Task goal: Every line from the one with "直到2017年,諾貝獎生理學" through the end of the entries below must be retyped exactly, and only those lines. The pictures are not part of the copy.

┌──

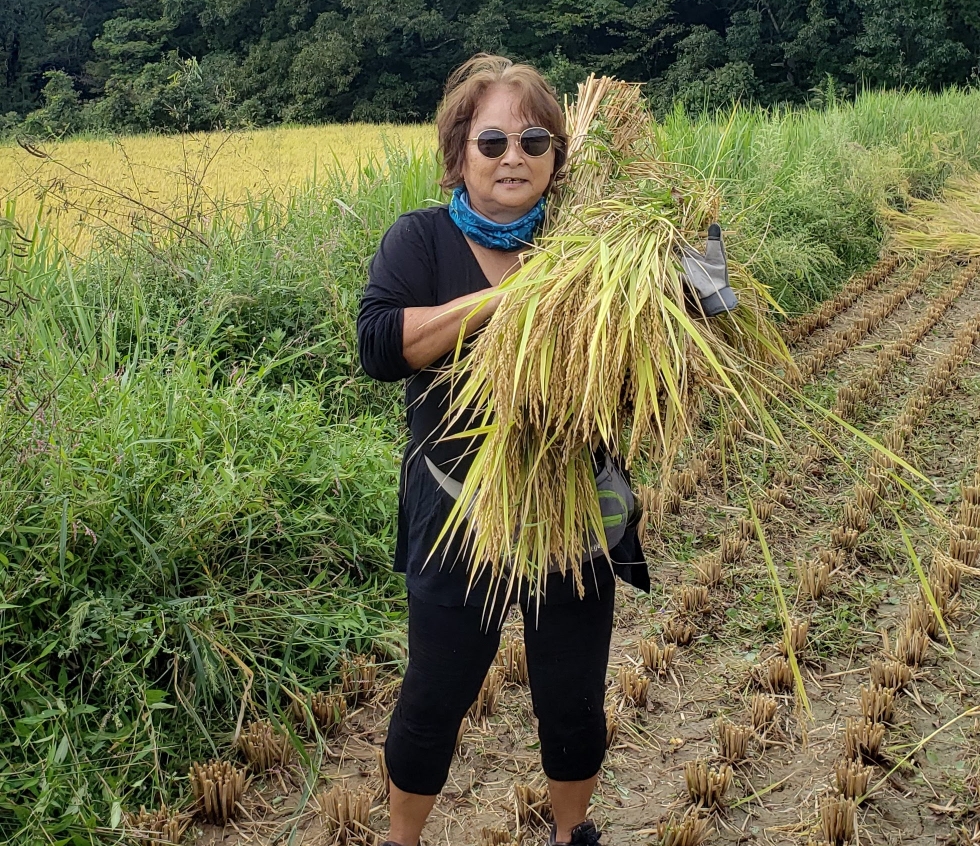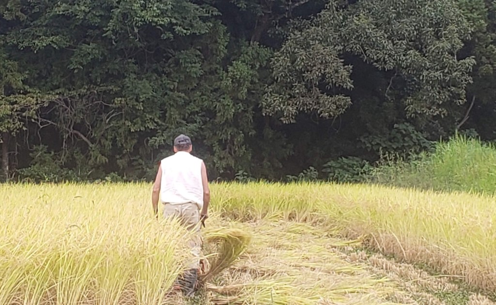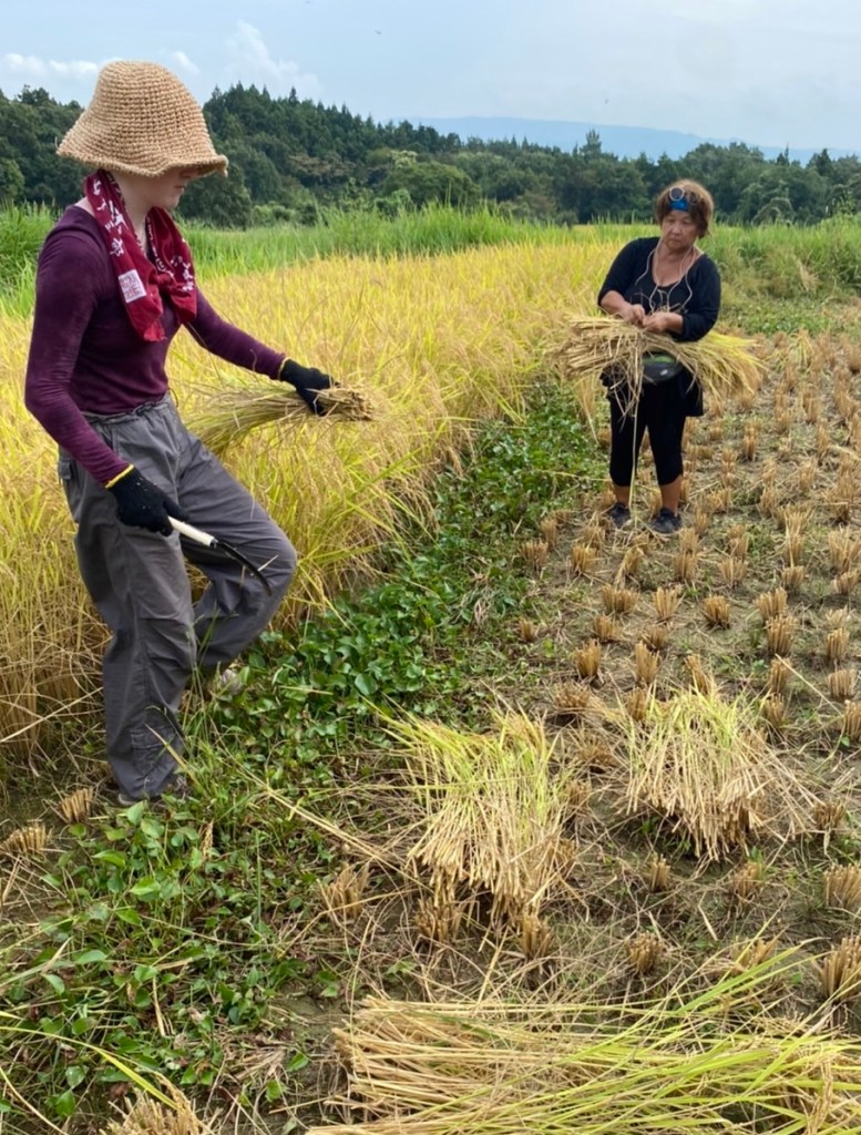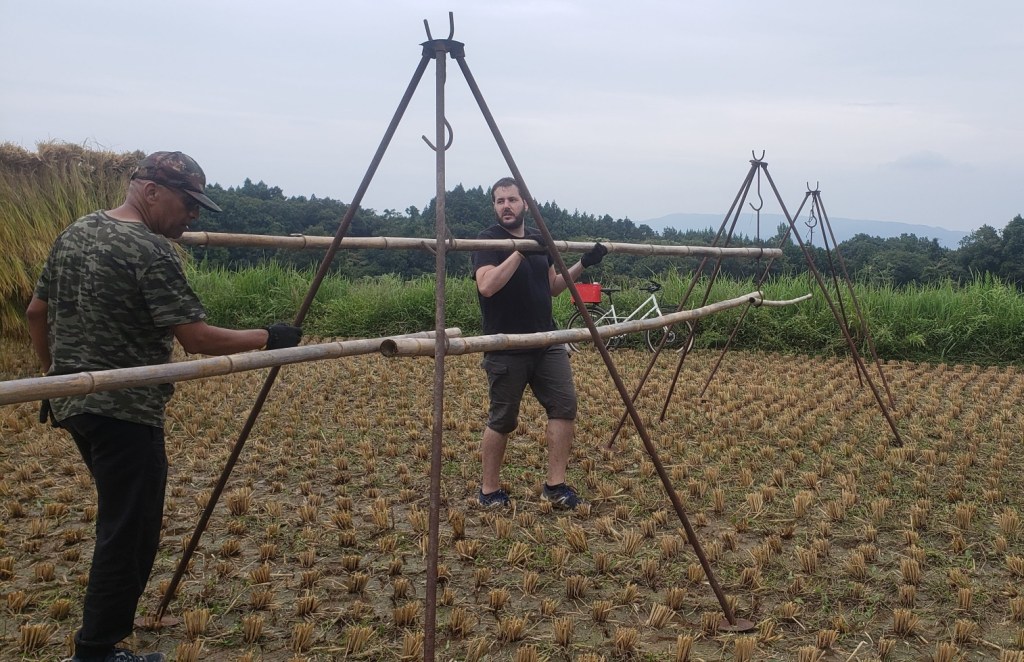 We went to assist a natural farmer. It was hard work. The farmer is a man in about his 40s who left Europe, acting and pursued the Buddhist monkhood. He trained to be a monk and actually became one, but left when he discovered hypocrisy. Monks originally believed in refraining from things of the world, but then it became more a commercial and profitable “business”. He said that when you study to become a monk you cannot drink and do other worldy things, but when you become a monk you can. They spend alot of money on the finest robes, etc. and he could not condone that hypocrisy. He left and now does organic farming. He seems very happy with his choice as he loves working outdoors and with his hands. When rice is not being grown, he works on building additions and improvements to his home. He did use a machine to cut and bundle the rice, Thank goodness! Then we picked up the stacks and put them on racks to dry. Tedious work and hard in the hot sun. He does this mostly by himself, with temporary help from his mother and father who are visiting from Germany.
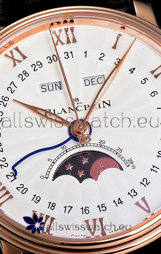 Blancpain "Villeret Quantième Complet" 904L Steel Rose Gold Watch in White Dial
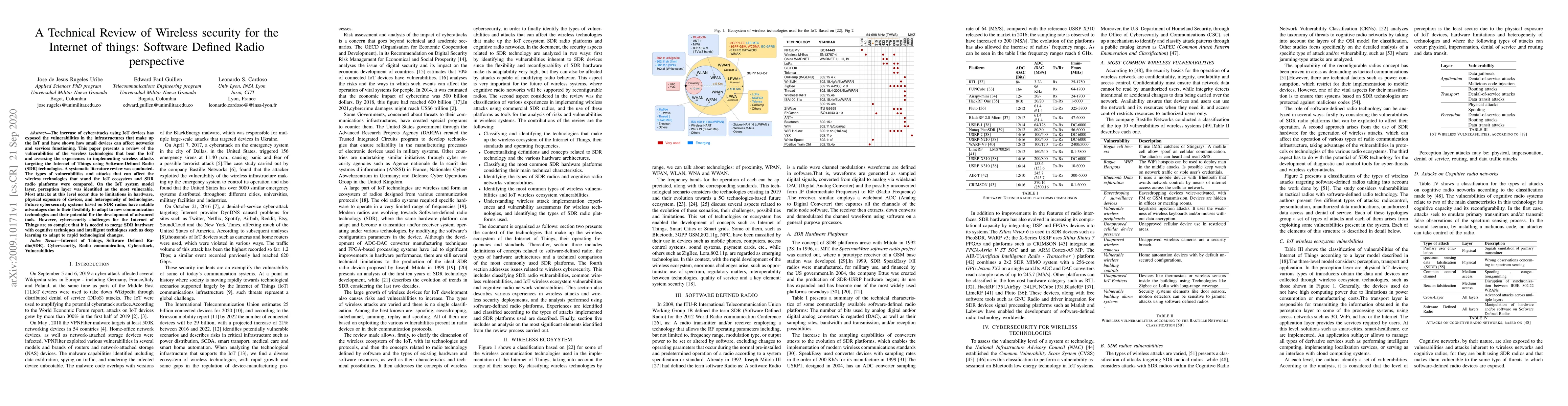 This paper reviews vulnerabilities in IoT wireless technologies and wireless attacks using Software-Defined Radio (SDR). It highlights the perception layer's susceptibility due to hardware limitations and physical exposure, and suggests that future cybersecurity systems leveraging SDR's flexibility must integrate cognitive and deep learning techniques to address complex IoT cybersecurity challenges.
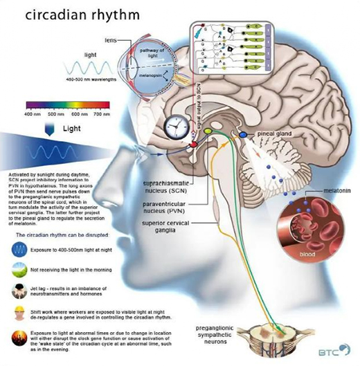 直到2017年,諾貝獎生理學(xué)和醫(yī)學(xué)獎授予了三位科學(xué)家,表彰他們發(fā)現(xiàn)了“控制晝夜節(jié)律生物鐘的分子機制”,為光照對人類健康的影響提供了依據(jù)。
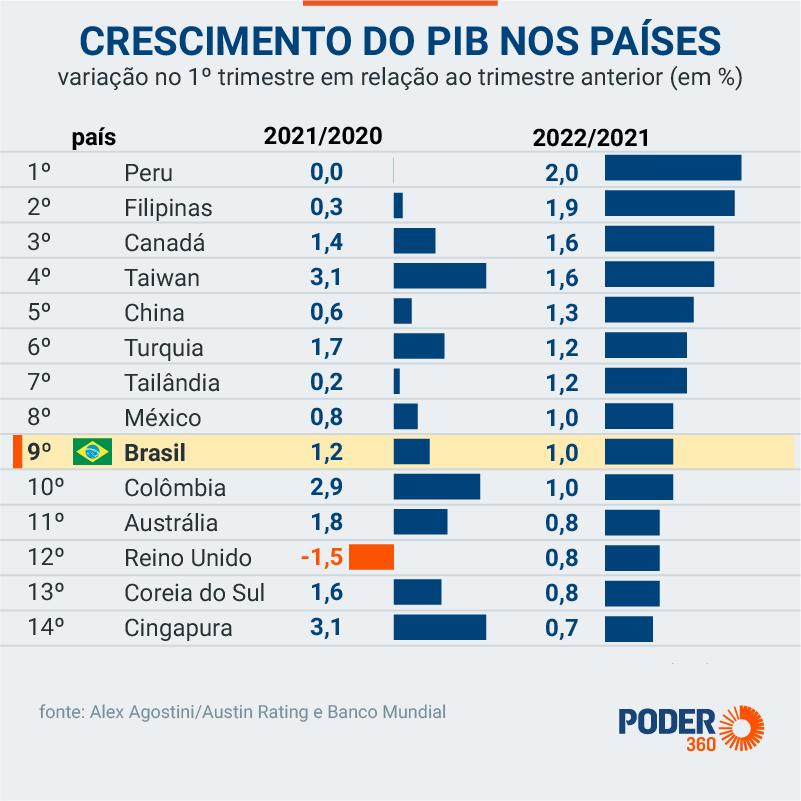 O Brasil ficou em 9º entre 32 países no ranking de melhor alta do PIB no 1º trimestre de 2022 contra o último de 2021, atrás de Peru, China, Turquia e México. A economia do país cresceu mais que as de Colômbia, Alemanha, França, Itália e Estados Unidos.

└──

Answer to the problem:
 直到2017年,諾貝獎生理學(xué)和醫(yī)學(xué)獎授予了三位科學(xué)家,表彰他們發(fā)現(xiàn)了“控制晝夜節(jié)律生物鐘的分子機制”,為光照對人類健康的影響提供了依據(jù)。
 O Brasil ficou em 9º entre 32 países no ranking de melhor alta do PIB no 1º trimestre de 2022 contra o último de 2021, atrás de Peru, China, Turquia e México. A economia do país cresceu mais que as de Colômbia, Alemanha, França, Itália e Estados Unidos.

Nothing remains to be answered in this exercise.